Information shown =

========

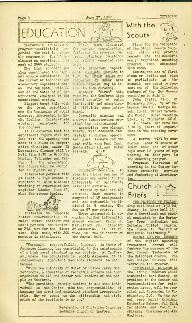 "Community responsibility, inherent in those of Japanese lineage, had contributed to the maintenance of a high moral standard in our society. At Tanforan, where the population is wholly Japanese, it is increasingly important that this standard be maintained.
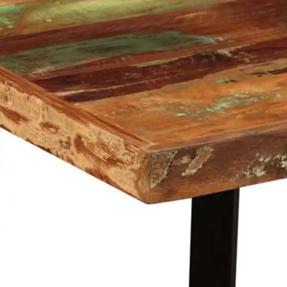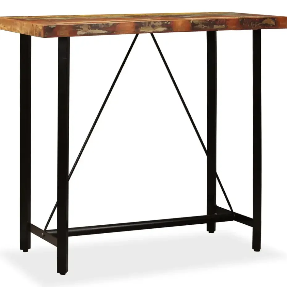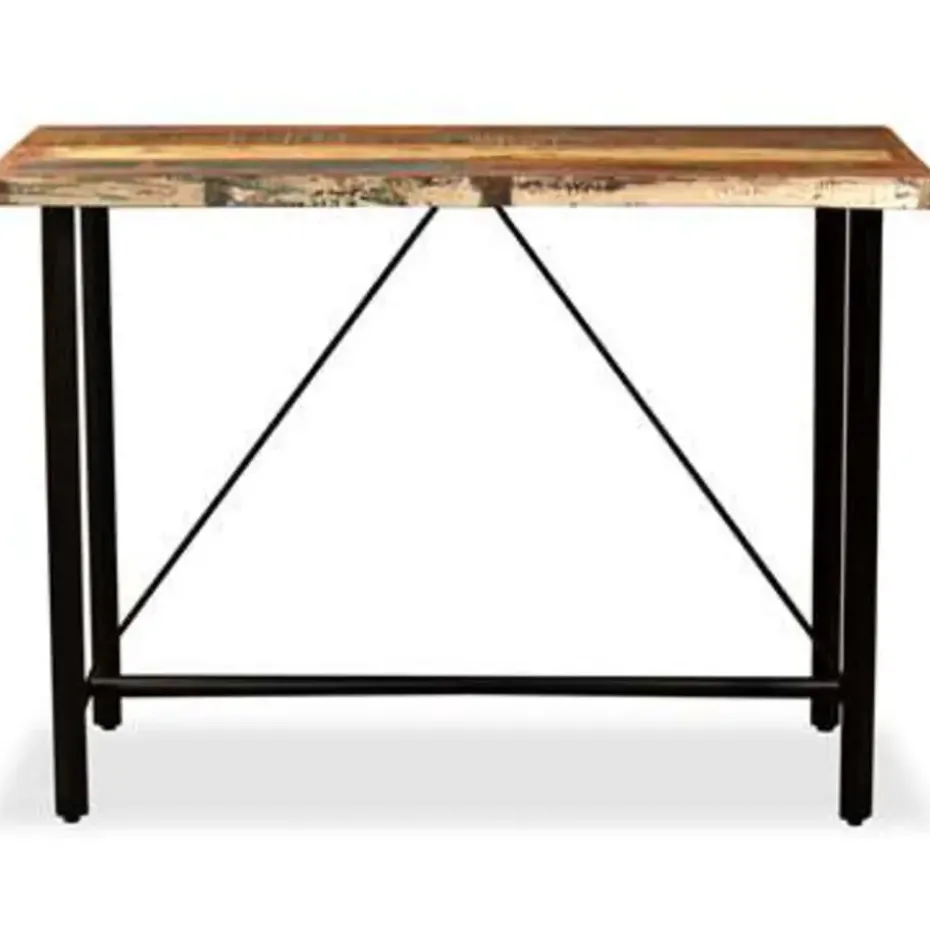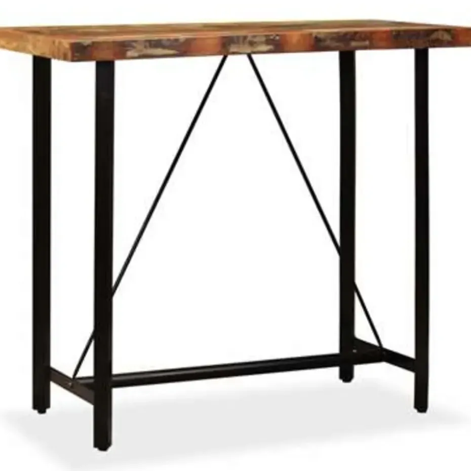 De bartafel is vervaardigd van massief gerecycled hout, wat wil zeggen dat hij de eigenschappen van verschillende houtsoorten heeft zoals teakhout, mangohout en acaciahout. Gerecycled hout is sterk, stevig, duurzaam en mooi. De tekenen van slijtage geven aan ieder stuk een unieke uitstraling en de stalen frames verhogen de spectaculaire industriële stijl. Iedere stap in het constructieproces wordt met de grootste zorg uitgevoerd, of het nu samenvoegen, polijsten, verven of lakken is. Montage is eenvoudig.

========

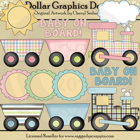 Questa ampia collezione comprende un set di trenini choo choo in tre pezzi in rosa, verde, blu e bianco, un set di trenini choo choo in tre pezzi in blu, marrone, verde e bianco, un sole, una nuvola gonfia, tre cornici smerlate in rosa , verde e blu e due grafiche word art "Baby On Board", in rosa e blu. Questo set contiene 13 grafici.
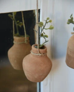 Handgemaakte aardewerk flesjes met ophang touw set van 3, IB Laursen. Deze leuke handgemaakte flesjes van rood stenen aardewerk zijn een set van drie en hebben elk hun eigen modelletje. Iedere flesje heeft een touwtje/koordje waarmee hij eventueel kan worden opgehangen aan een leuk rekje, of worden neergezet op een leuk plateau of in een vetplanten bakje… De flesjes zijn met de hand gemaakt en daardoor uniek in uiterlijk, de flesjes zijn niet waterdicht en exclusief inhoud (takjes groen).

========

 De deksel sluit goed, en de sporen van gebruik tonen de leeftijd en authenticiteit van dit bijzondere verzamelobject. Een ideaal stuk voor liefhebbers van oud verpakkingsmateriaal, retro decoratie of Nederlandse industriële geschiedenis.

========

Task statement =
The lines to set down run from the line with "standard be maintained." up to and including the line with "De bartafel is" in the entries above. Reproduce them exactly, with no pictures.

Task output =
 "Community responsibility, inherent in those of Japanese lineage, had contributed to the maintenance of a high moral standard in our society. At Tanforan, where the population is wholly Japanese, it is increasingly important that this standard be maintained.
 De bartafel is vervaardigd van massief gerecycled hout, wat wil zeggen dat hij de eigenschappen van verschillende houtsoorten heeft zoals teakhout, mangohout en acaciahout. Gerecycled hout is sterk, stevig, duurzaam en mooi. De tekenen van slijtage geven aan ieder stuk een unieke uitstraling en de stalen frames verhogen de spectaculaire industriële stijl. Iedere stap in het constructieproces wordt met de grootste zorg uitgevoerd, of het nu samenvoegen, polijsten, verven of lakken is. Montage is eenvoudig.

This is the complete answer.